RCN demands new negotiations following NHS consultant pay offer
We remain in dispute with the UK government regarding NHS nursing pay in England with more than 100,000 members voting for further strike action in our last ballot.
In the strongly worded letter, Pat expresses her frustration and “extreme disappointment” that the government has been unwilling to engage in further negotiations about nursing pay, despite the RCN remaining in formal dispute regarding this year’s pay deal.
She stresses that more than 100,000 RCN members in England voted in favour of continued strike action just a few months ago in a clear indication that the profession continues to feel undervalued. Though it’s welcome that the government has engaged in meaningful negotiations with other trade unions, the announcement about consultant pay will have done nothing to quell that, Pat writes.
“The government has now shown it has the political will to negotiate on pay reform for some of the highest earners in the NHS in contrast to our members who received the lowest pay rise in the public sector.”
Given that inflation remains well above the government’s 2% target, the 5% pay award for NHS nursing staff in England appears “increasingly inadequate” and has been “consistently eclipsed” by the pay awards for other public sector workers and now this offer to consultants.

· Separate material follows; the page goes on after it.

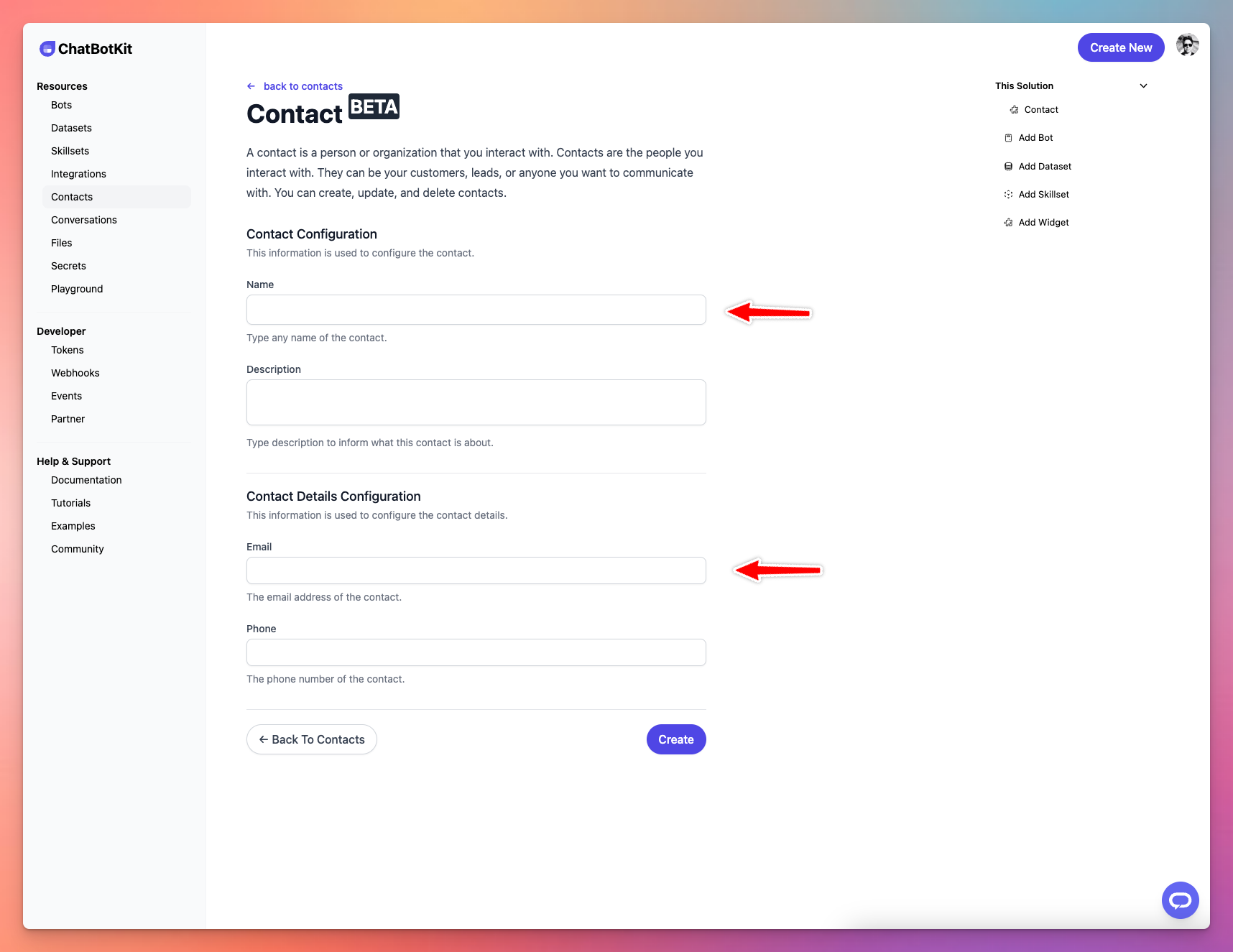 Alongside the Email Integration, ChatBotKit has enhanced its Contacts feature, which now supports both manual and automatic creation of contact profiles. This development is integrated across various platform tools, including email and widget interactions, providing businesses with robust tools to collect and manage contact information effectively.

Pat also points to the perceived inequity of consultant pay being reformed whilst many nurses start and end their career on Agenda for Change Band 5 - the lowest band of all regulated professionals in the NHS.

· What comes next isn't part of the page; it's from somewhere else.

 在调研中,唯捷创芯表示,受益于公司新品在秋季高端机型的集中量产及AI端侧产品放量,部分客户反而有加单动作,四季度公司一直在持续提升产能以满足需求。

“It is time for nurses and nursing to be treated with the respect they deserve and for nursing pay also to be reformed,” Pat stresses. “Nursing is one of the most diverse and female-dominated professions within the public sector, and the injustice of nursing pay is also a gender issue. The greatest pay inequality in the NHS relates to nursing. This must be addressed as a matter of urgency.”
During previous pay negotiations, the RCN was provided with a commitment to explore a separate nursing pay spine but progressing that commitment hasn’t received the urgency it needs.
In light of the new health secretary committing to “getting round the table” to “see a fair and reasonable solution” to NHS strikes, Pat has requested an urgent meeting to discuss our dispute.
“The government should invest less time and attention in its attempt to impose draconian anti-strike laws on nursing staff and get back around the table and discuss nursing pay,” she writes.
“Every slight discourages another individual from choosing nursing as a profession and puts more patients at risk. The NHS requires the stability of a nursing foundation and now more than ever, this must be resolved.
“We want to be part of the collective effort to rebuild our NHS. It is your responsibility to act now. Nursing staff deserve better.”